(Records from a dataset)
*** Block opens ***

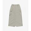 The Fila Women's FSI Cargo Skirt FS2SKG2171F-PALE GREY is made from a stretchy blend of nylon and polyurethane, providing a comfortable fit. It features a slightly flared mermaid fit design that enhances a feminine silhouette, and its cargo style offers practicality alongside style. The color is pale grey (PALE GREY), making it easy to match with various tops.
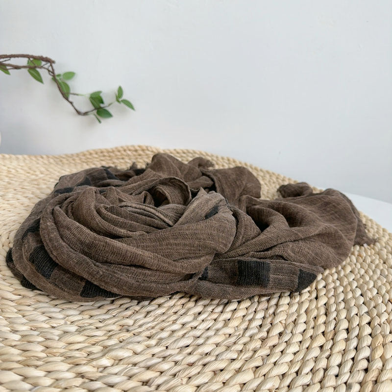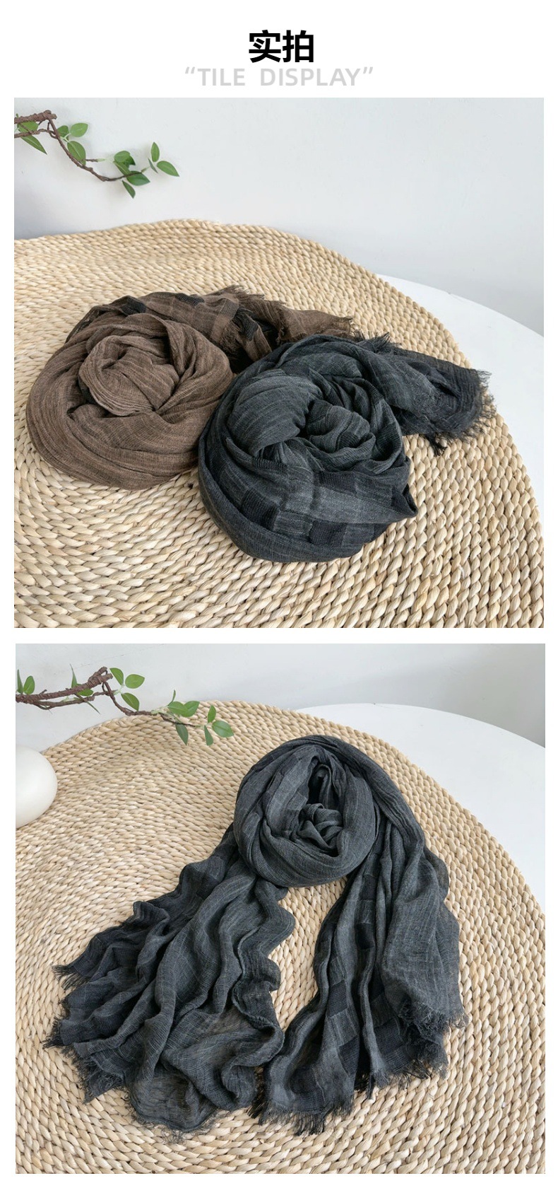 레트로 올드 염색 격자 무늬 솔리드 컬러 스카프, 예술적이고 다재다능한 목 보호 실크 스카프, 봄 여름 여행 방풍 따뜻한 목도리
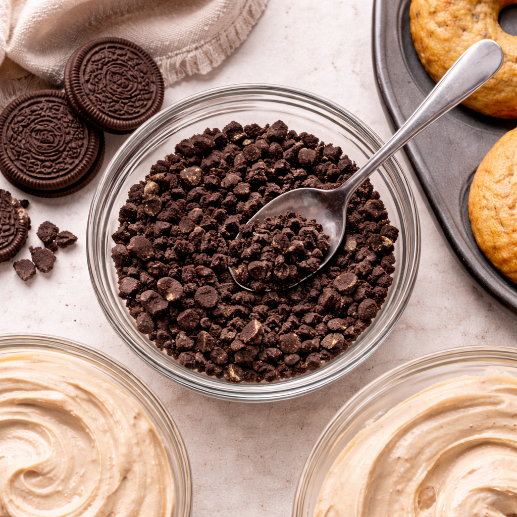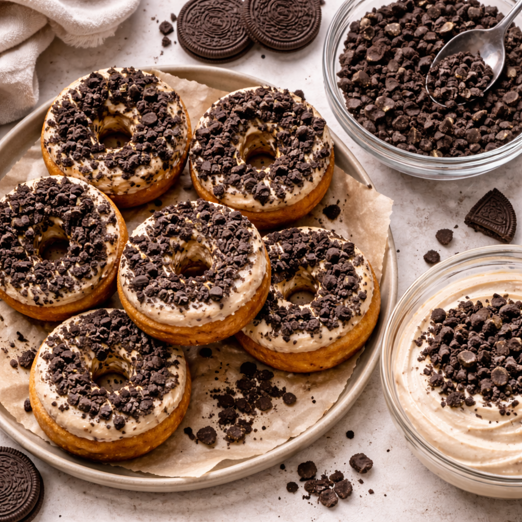 Serve donuts with tiramisu dip on the side for dipping or spoon dip over the top. Sprinkle generously with Oreo crumble before serving.
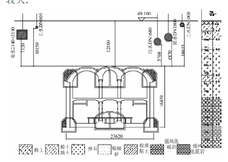 1 工程概况北京地铁16号线17标玉渊潭东门站位于月坛南街与三里河路T字交叉口处,为双层三跨暗挖地下岛式车站,主体采用PBA暗挖法施工,总长256.60m,总宽21.20 m,岛式站台宽12.00 m,底板埋深27.86 m,拱顶覆土约11.31 m.车站主体导洞剖面及地层构成见图 1.该车站所处地层有一层地下水,为层间水(三),水位埋深19.80~20.80 m,水位标高27.67~27.47 m,含水层主要为卵石层.开挖结构的中下部位于层间水(三)含水层中,底部位于砾岩层中.含水层主要为卵石⑦ 和卵石⑨ 层,该层地下水渗透系数大,补给充足,对结构施工影响较大.
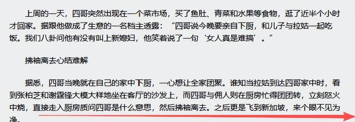 谢贤摆“和头酒”认儿媳,大家都知道这是传统的仪式,但狄波拉一看到就气得拂袖而去,场面真是让人唏嘘。央视网则报道拉姑痛骂张柏芝,直言她太狠心,不仅如此,还否认怒掴儿媳的事。不光这样,融合网还爆料,说刘嘉玲为了维护自己形象,竟然疯狂比拼张柏芝的身价,场面也是热闹非凡。这些事情啊,一波接一波,真是娱乐圈的大戏不断,让人看得过瘾!
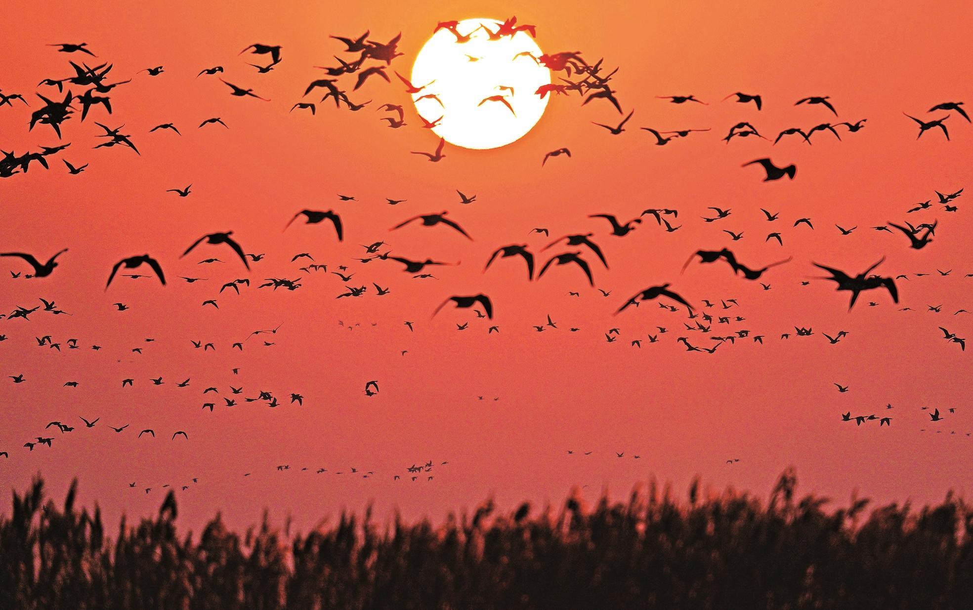 位于山东省东营市的黄河三角洲国家级自然保护区,今年再添2个新鸟种,鸟类总数从建区时的187种增加到了376种。这个以保护新生湿地生态系统和珍稀濒危鸟类为主的的湿地类型自然保护区,已经成为观鸟爱好者的“天堂”。图为12月17日,众多候鸟飞翔盘旋于保护区上空。视觉中国供图
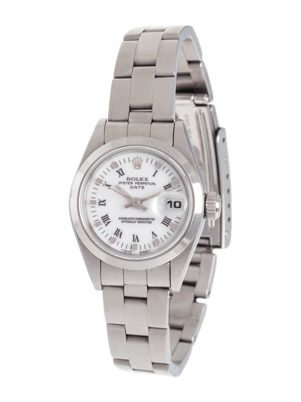 25.00 mm case diameter, white dial, black Roman numerals, center sweep seconds hand, date aperture at 3 o'clock with magnifier in crystal, Cal. 2135 29 jewel self-winding movement signed ROLEX S.A. GENEVA SWISS, brushed brick link bracelet, deployant clasp with Rolex logo. 6 1/2 inches inner circumference.
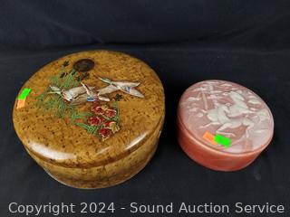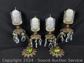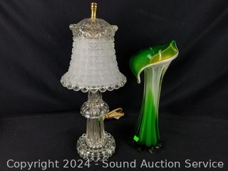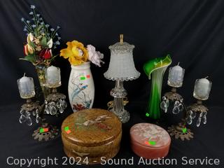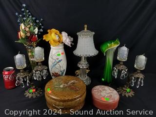 2 Candleholders/votives w/prisms, art glass vase, trinket boxes, boudoir lamp. Refer to photos for more details.
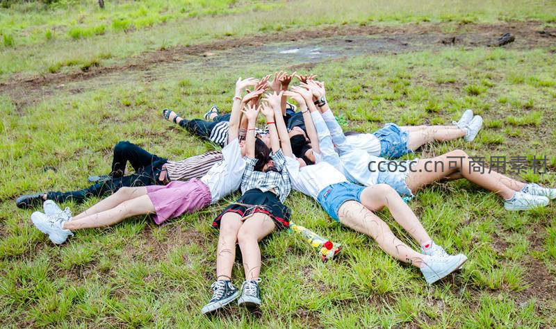一群年轻人躺在绿茵草地上,手拉手围成一个圆圈,用创意手势摆拍,洋溢着无忧无虑的青春气息。
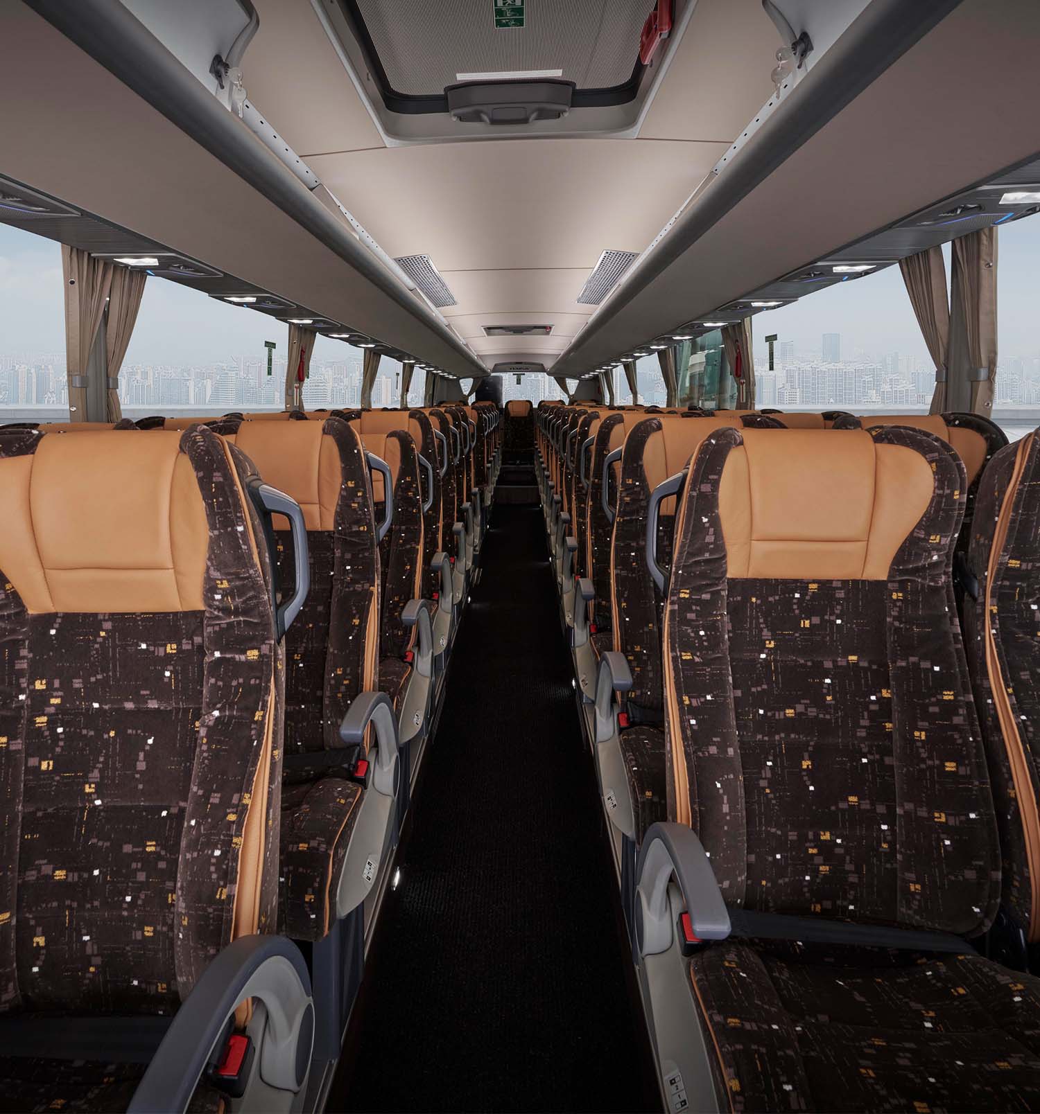 En el interior, los pasajeros disfrutan de escotillas de techo ventiladas, asientos modernos, un cuadro digital con pantalla de cámara trasera, tomas USB-A/C dobles en cada asiento y amplios portaequipajes superiores, ofreciendo confort, estilo e innovación en cada kilómetro.
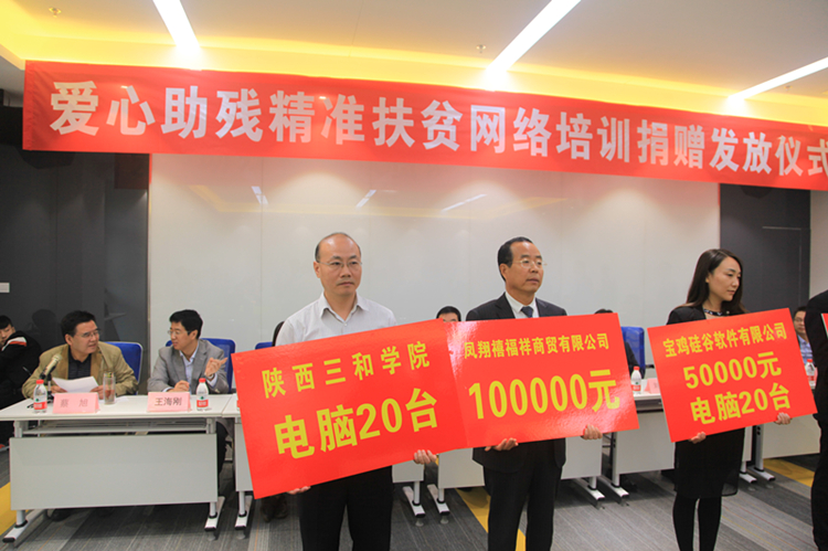 2017年9月5日,宝鸡市残疾人福利基金会、宝鸡市残联在渭滨区互联网产业园举行爱心助残精准扶贫网络培训捐赠发放仪式,50名残疾人网络培训后获赠电脑。学校向贫困残疾人捐赠电脑20台。
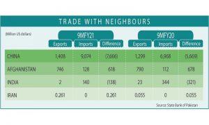 The country’s exports to countries like Afghanistan, China, Bangladesh, Sri Lanka, India, Iran, Nepal, Bhutan and the Maldives only add up to a small amount of $2.788 billion which is just 14.91pc of Pakistan’s total global exports of $18.688bn in 9MFY21.

*** Block closes ***

Give again the stretch of lines above from the one with "레트로 올드 염색 격자" through the one with "位于山东省东营市的黄河三角洲", both ends kept, and copy no pictures.

Result of the task »
 레트로 올드 염색 격자 무늬 솔리드 컬러 스카프, 예술적이고 다재다능한 목 보호 실크 스카프, 봄 여름 여행 방풍 따뜻한 목도리
 Serve donuts with tiramisu dip on the side for dipping or spoon dip over the top. Sprinkle generously with Oreo crumble before serving.
 1 工程概况北京地铁16号线17标玉渊潭东门站位于月坛南街与三里河路T字交叉口处,为双层三跨暗挖地下岛式车站,主体采用PBA暗挖法施工,总长256.60m,总宽21.20 m,岛式站台宽12.00 m,底板埋深27.86 m,拱顶覆土约11.31 m.车站主体导洞剖面及地层构成见图 1.该车站所处地层有一层地下水,为层间水(三),水位埋深19.80~20.80 m,水位标高27.67~27.47 m,含水层主要为卵石层.开挖结构的中下部位于层间水(三)含水层中,底部位于砾岩层中.含水层主要为卵石⑦ 和卵石⑨ 层,该层地下水渗透系数大,补给充足,对结构施工影响较大.
 谢贤摆“和头酒”认儿媳,大家都知道这是传统的仪式,但狄波拉一看到就气得拂袖而去,场面真是让人唏嘘。央视网则报道拉姑痛骂张柏芝,直言她太狠心,不仅如此,还否认怒掴儿媳的事。不光这样,融合网还爆料,说刘嘉玲为了维护自己形象,竟然疯狂比拼张柏芝的身价,场面也是热闹非凡。这些事情啊,一波接一波,真是娱乐圈的大戏不断,让人看得过瘾!
 位于山东省东营市的黄河三角洲国家级自然保护区,今年再添2个新鸟种,鸟类总数从建区时的187种增加到了376种。这个以保护新生湿地生态系统和珍稀濒危鸟类为主的的湿地类型自然保护区,已经成为观鸟爱好者的“天堂”。图为12月17日,众多候鸟飞翔盘旋于保护区上空。视觉中国供图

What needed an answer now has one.